“Prominent NZ economist and environmentalist, Gareth Morgan,
wants his country 100 percent cat-free and he's willing to go extraordinary
lengths to make it a reality.” Leads the Atlantic.com.
This Eradicate-Killer-Cats Campaign has got me
riled. Let’s stop the bird slaughter and save our cats, I decided and promptly
bought my cat a double belled cat collar. I’d show Mr Morgan. I’d stop my
moggie serving up his first avian dish at dawn. Pft said, Burnt Toast, ‘I’m a
country cat, that’s how I roll’.
BT was riled too, when I put the spiffy electric-blue-belled
stretchy piece of elastic around his throat. It ruffled his fur, made him look
like a cad, not the rural lay about that he is. He mewed and thrashed at his neck
with his hind paws. He got that collar off within two minutes and looked at me
like I was a cruel ringmaster. Fiddlesticks.
I put it back on. Three times.
Strangely, by then he accepted the noose around
his neck. Then he lay back looking like the cat that got the cream AND a fancy new
accessory.
The next morning, he entered our bedroom,
through the toilet window, as is his habit. That awful muffled meow, now with a double belled salute, trumpeted in
his first kill of the day.
What a waste of $14.50, I thought and listened
to sharp incisors crushing delicate bone. It was too late to save it, so I put
the pillow over my head and waited for the alarm. The lady at the vets said
people had been rushing in and buying extra bells, were they also trying to
stem Mr Morgans fury? Save life with cats as we know it? Or save their white
shag pile carpets? Perhaps I needed three bells. Or four? Were the birds around my property deaf
or plain dumb? I got up, picked speckled
wings off the carpet and filled the cat bowl with Purina One.
By 10 am Burnie had toasted another sparrow. This
was followed by a field mouse, (they’re most fun to play with). Then a waxeye
at noon.
The stupid collar had done nothing but instigate
a massacre. Its happy jingle had drawn the defenseless birds to him.
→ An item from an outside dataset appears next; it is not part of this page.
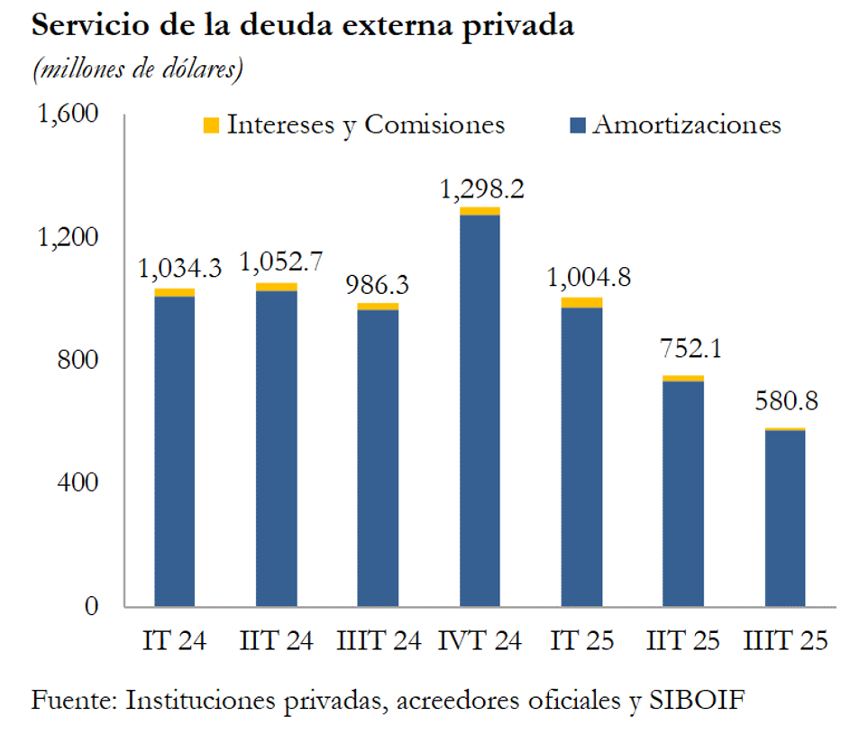 El servicio pagado de la deuda externa privada fue de 580.8 millones de dólares, 405.6 millones menos que en el mismo período de 2024. Del total pagado, 573.5 millones de dólares correspondieron a amortizaciones y 7.3 millones de dólares a intereses y comisiones. El 87.7 por ciento del servicio fue por deuda de corto plazo (US$509.4 millones) y el 12.3 por ciento restante fue de mediano y largo plazo (US$71.4 millones).

He’d
become a feline pied piper.
He disappeared for the rest of the day. Repleat.
Naturally, I worried he’d snagged his brand new
collar on a branch, struggled to free himself and twisted his collar tighter
and tighter around his neck and inadvertently hung himself. Mortal moggie terror welled within.
At 5pm, casual as, Burnt Toast strode into the
courtyard calling that mocking, come-and-see-what-I’ve-killed call, I’m sick to
death hearing. Not another one? He
dropped a sparrow onto the grass and washed his paws. His bells rattled. He was
too hot and bothered to eat. I was too hot and bothered to start cooking the
kid’s dinner and save the birds. Bag tally: 4.
I wanted to contact Mr Morgan. Wouldn’t it be
more humane (fel-ane mm not a word) to do some R & D, to create a
run-away-quick-little-birdie bored cat about to claw you in the neck then eat
you alive device? It could be added to
the microchip Mr Morgan wants inserted in every cat. Responsible owners and all
that.
Instead of jumping in boots and all and dealing
up payback for the lost birds by eradicating the entire cat population of NZ. I
know, I know, Mr Morgan actually wants to neuter every domestic and feral tom
cat so our feline population gradually dies off. Completely.
I’m caught in the middle. I LOVE the company of
cats. I also love our native birds and skinks and geckos. If there is such a
thing as cat shame? I have it. But what
to do. I can’t kill my cat. The kids would be bereft. He sleeps on their bed at
night, when he’s not eating fresh kill under mine.
I’m happy to say by 11.45pm the following day,
collar was still intact and no birds had been consumed. Perhaps it’s all down
to education.
(please note: this cat has constant access to catbix. Birds are most active one hour before sunrise and one hour after sunset).